In State v. Redding , 310 Kan. 15, 444 P.3d 989 (2019), our Supreme Court considered the following facts when reviewing whether the district court properly declined to construe Redding's pro se motion to correct an illegal sentence as a 60-1507 motion. First, Redding labeled the motion as a motion to correct an illegal sentence. Second, he filed the motion in his criminal case as required for motions to correct an illegal sentence, rather than as a separate civil action as required for 60-1507 motions. Third, the motion was not submitted on the Judicial Council forms for a 60-1507, nor did it contain the information required by the 60-1507 forms and, thus, failed to comply with Supreme Court Rule 183(e) (2019 Kan. S. Ct. R. 228). Fourth, the content of the motion was consistent with its label.
Redding relied on State v. Harp , 283 Kan. 740, 744, 156 P.3d 1268 (2007), which held that " ‘although not required to do so, the district court could have construed Harp's pro se motion to correct an illegal sentence as a motion challenging his sentence under K.S.A. 60-1507.’ (Emphasis added.)" Redding , 310 Kan. at 19. However, the Redding court found that "there are limits to a court's duty to liberally construe pro se pleadings; a court is not required to divine every conceivable interpretation of a motion, especially when a movant repeatedly asserts specific statutory grounds for relief and propounds arguments related to that specific statute." 310 Kan. at 18. "[I]f the district court was not required to construe a motion to correct an illegal sentence as a 60-1507 motion, then the declination to do so would not be reversible without a showing of an abuse of discretion." 310 Kan. at 19.

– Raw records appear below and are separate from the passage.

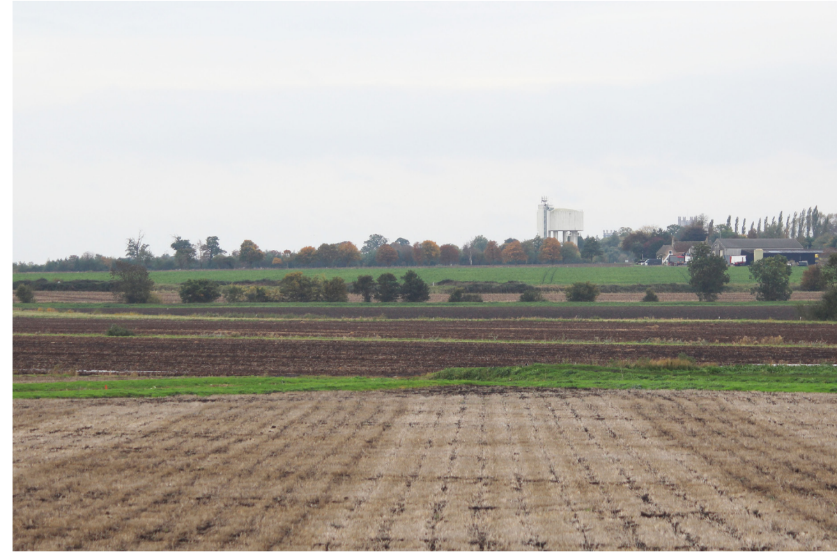
VIEW FROM KETTLESWORTH DROVE existing
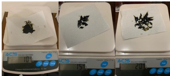
(Menimbang ekstrak daun jarak pagar berdasarkan variasi konsentrasi)
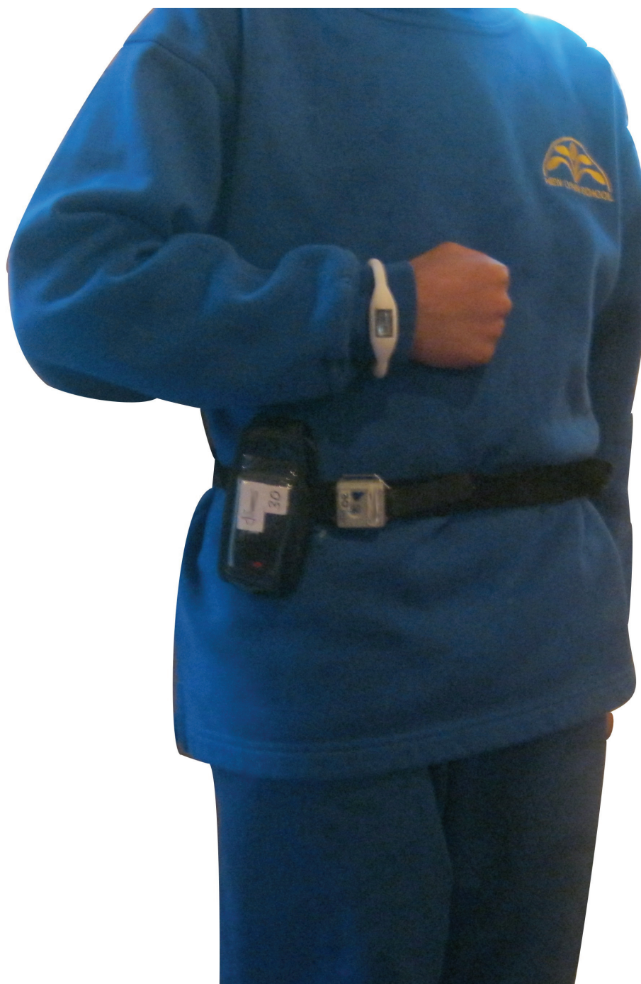
Figure 3 Image of children wearing their belts with GPS unit and accelerometer attached.

Height (shoes off) was assessed to the nearest 0.1 cm using a stadiometer (Mentone Educational Centre, Victoria, Australia) and weight (in light clothing) to the nearest 0.1 kg using calibrated Seca 770 scales (Protec Solutions Ltd, Wellington, New Zealand). Measures were repeated twice; if these measures differed by more than 0.5 cm or 0.5 kg for height or weight, respectively,
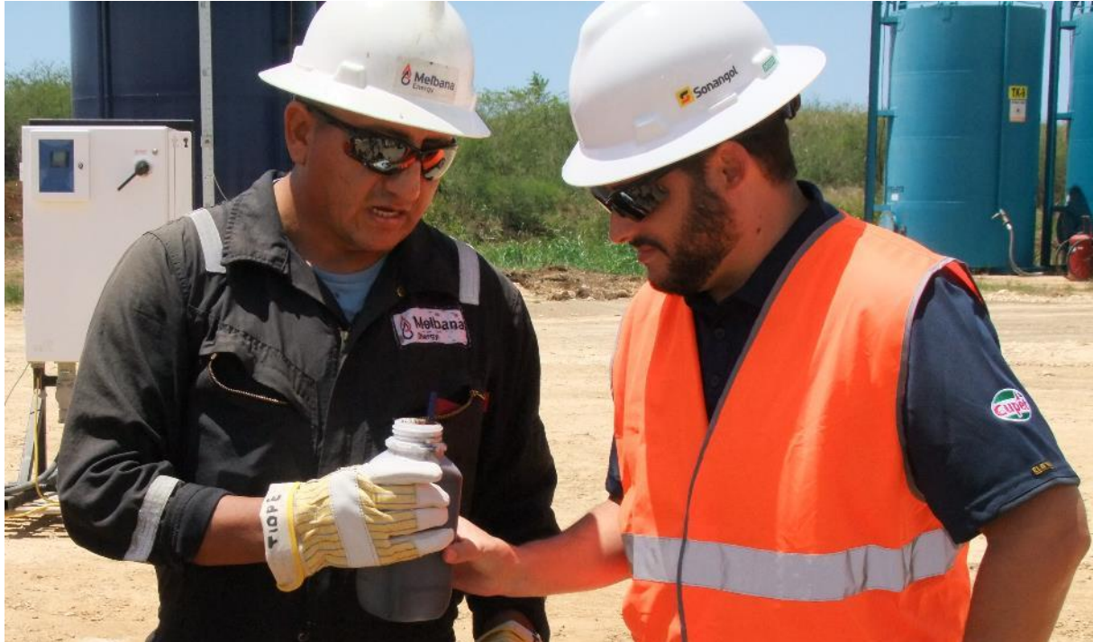
Figure 1 - Inspecting a sample of crude oil production from Alameda-2

With more than 15,000 barrels of oil now in storage, the first shipment could take place towards the end of next month. The intended buyer of the oil is currently conducting investigations into the timing and availability of either a suitable coastal tanker or pooling the cargo with scheduled upcoming exports of larger volumes of crude oil.

Here, Blaurock labeled his motion as "Motion for Correction of an Illegal Sentence Pursuant to K.S.A. 22-3504," and he filed the motion in his criminal case. Blaurock did not use the Judicial Council forms for a 60-1507 motion nor does his motion contain the information required by those forms. All of these facts support a conclusion that the district court properly declined to construe Blaurock's motion as a 60-1507 motion.
Perhaps most striking here is the fact that Blaurock clearly knew how to file a 60-1507 motion. He has previously filed two pro se 60-1507 motions, both of which were hundreds of pages in length. Moreover, his second 60-1507 motion was filed merely four months before this motion and was denied by the district court in the same order as his motion to correct an illegal sentence. Blaurock is no stranger to the requirements and intricacies of the creation and filing of a 60-1507 motion.

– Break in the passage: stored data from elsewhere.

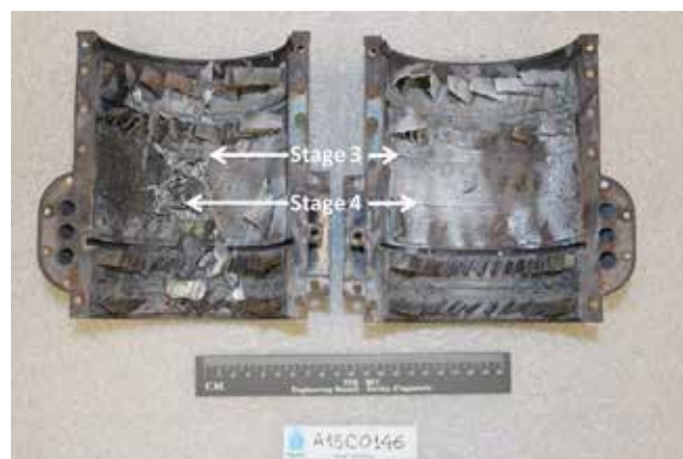
Figure 3. Compressor case halves, showing stages 3 and 4

A review of TC Civil Aviation's Service Difficulty Report database (which, in addition to Canadian data, includes data from the U.S. Federal Aviation Administration and the Australian Civil Aviation Safety Authority) revealed that, in the past 10 years, there have been 13 Allison 13 250-C20, C20B, and C20J compressor failures (fracture or excessive wear) that could not clearly be attributed to foreign object damage.
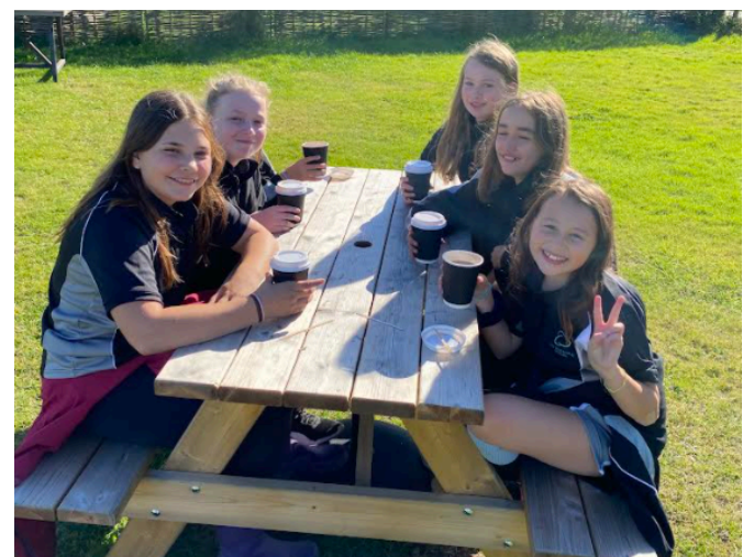
Yum! Yum! Yum!
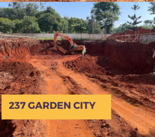
237 GARDEN CITY

Visit any of our sites or follow the progress of your investment via our blog. www.mividahomes.com/blog

These factors aside, the body of the motion itself is a blend of issues that are the fodder for a motion to correct an illegal sentence, a direct appeal, and a 60-1507 motion. For example, Blaurock argues his sentence does not conform to the applicable statutory provisions because the district court incorrectly ordered sentences to run consecutively rather than concurrently, then he raises error with the information and jury instructions, and he argues his convictions are multiplicitous and lacking proper evidentiary support. In light of the entirety of Blaurock's filings, however, we hold the district court did not err in refusing to construe the motion as a 60-1507 motion.
II. DID THE DISTRICT COURT PROPERLY DENY BLAUROCK'S MOTION TO CORRECT AN ILLEGAL SENTENCE ?

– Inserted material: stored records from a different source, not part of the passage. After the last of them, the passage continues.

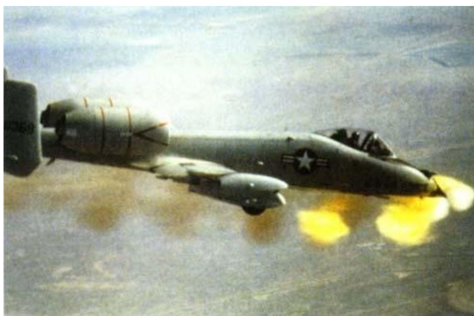
A USAF A-10 Thunderbolt – more usually known as the 'Warthog' – in action over
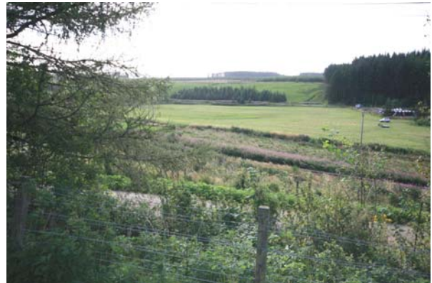
View from Plot 2 over surrounding countryside
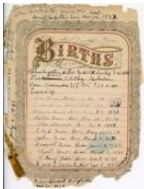
Births and Marriages page from the Butler Family Bible (2023.48.26)
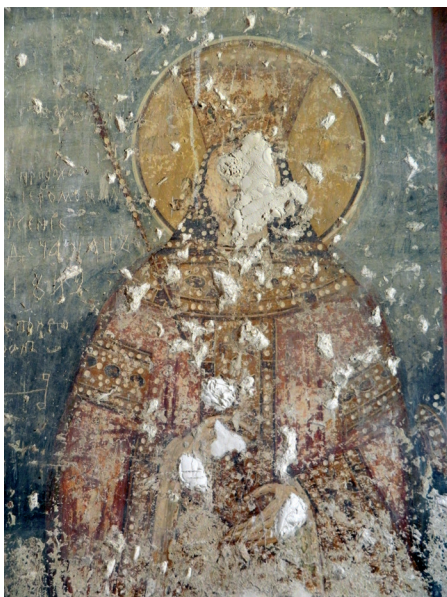
Fig.7, 7a, 7б. Queen Helen Nemanjić Asen and Uroš V (on the right side), north wall, zone of the standing figures, St. Nicholas church, Ljuboten

Сл.7, 7а, 7б. Краљица Јелена Немањић Асен и Урош V (десно) северни зид, зона стојећих фигура, црква Св. Николе, Љуботен, фото: Јасмина С. Ћирић
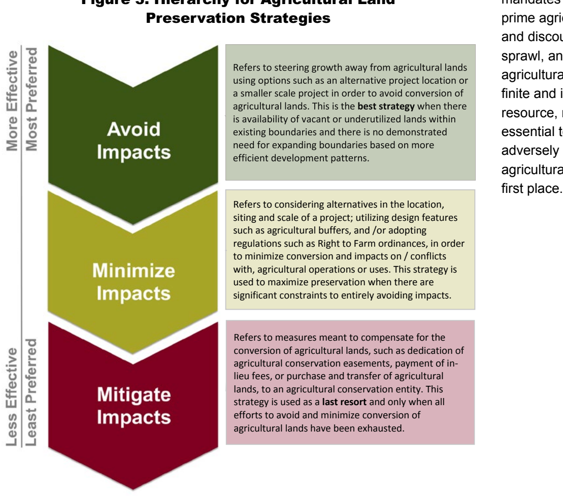
Figure 3. Hierarchy for Agricultural Land

Mitigation consists of measurable preservation outcomes, resulting from actions applied to geographic areas typically not impacted by the proposed project, that compensate for a project's significant adverse impacts to agricultural lands that cannot be avoided and/or minimized.
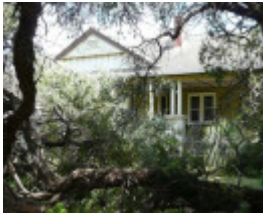
Oceania, 61 Hesse Street, Queenscliff
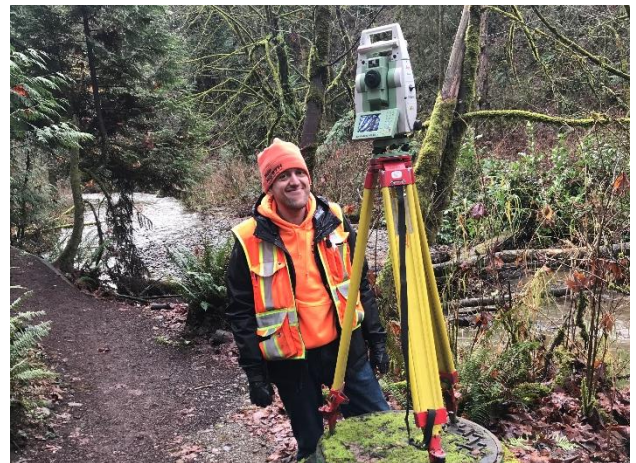
Survey crews will use handheld survey equipment to gather data at approximately 30 locations.
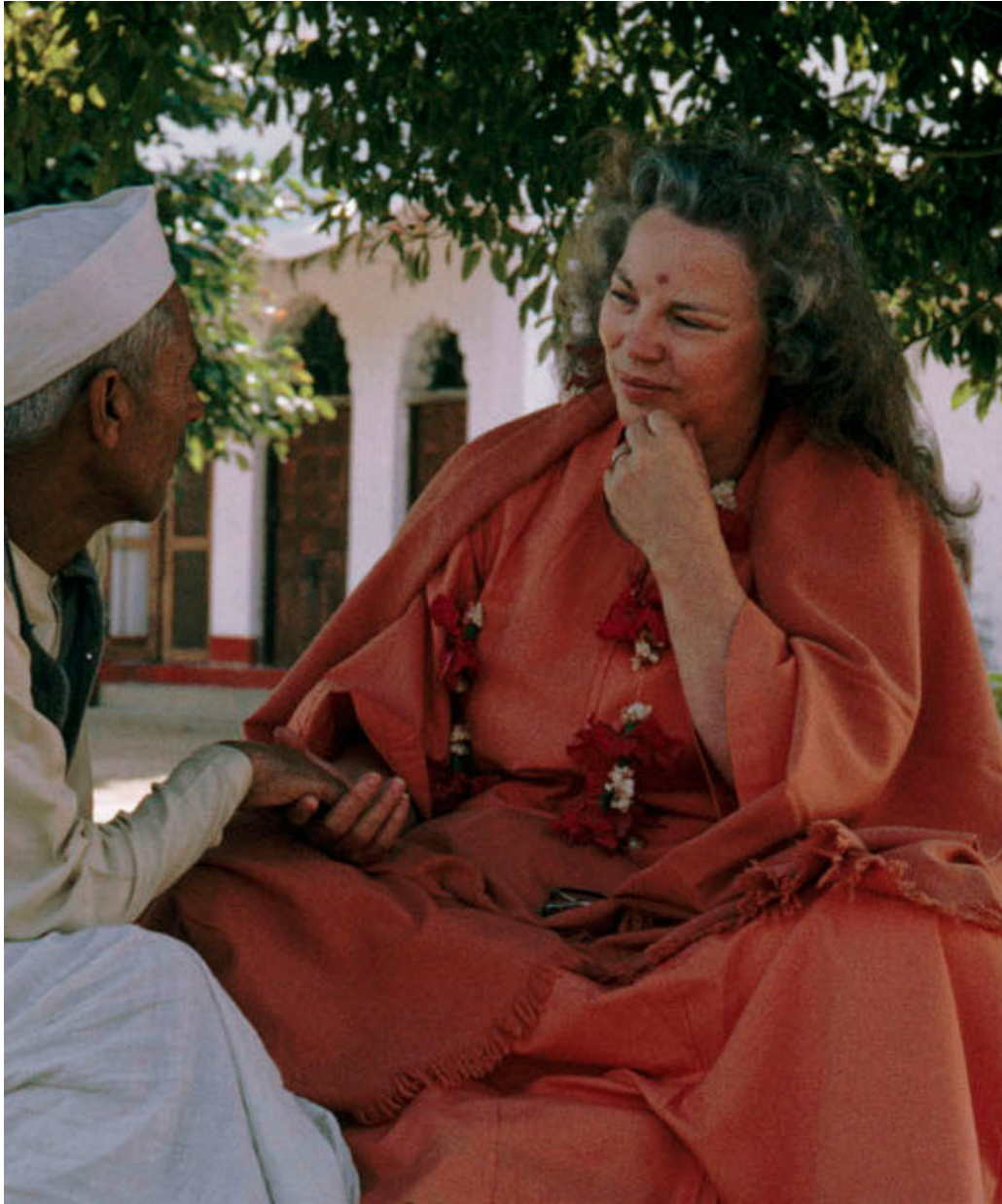
Greeting devotees after satsanga at YSS Ashram, Ranchi, 1967
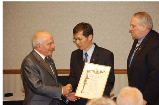
Academician Chao-Ton SU
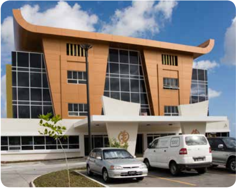
“The Golden Stool” Main Administration Building (Map MAIN CAMPUS Ref 42)
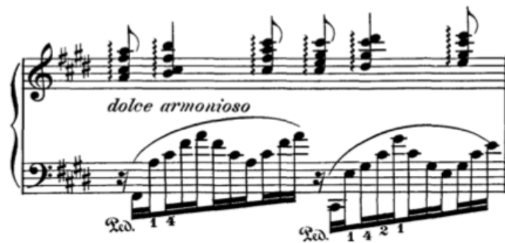
Example 7 Vallée d'Obermann , m. 180
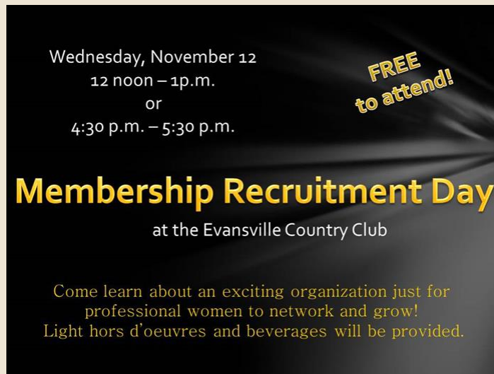
Table Space Available to Promote your Business

Blaurock's remaining issues on appeal generally argue that the district court erred in denying his motion to correct an illegal sentence: (1) The district court made insufficient findings of fact in its denial of the motion; (2) the district court erred in ordering some of his sentences to run consecutively; (3) his sentence is illegal because he was sentenced to crimes for which there was insufficient evidence and the convictions are multiplicitous; (4) his sentence is illegal because of alleged errors in the charging document; and (5) his sentence is illegal because of alleged errors in the jury instructions. We address these arguments in order.
"Whether a sentence is illegal under K.S.A. 22-3504 is a question of law" over which the appellate court has unlimited review. State v. Lee , 304 Kan. 416, 417, 372 P.3d 415 (2016). When a district court summarily denies a motion to correct an illegal sentence, as is the case here, we apply a de novo standard of review because we have the same access to the motion, records, and files as the district court. State v. Gray , 303 Kan. 1011, 1013-14, 368 P.3d 1113 (2016).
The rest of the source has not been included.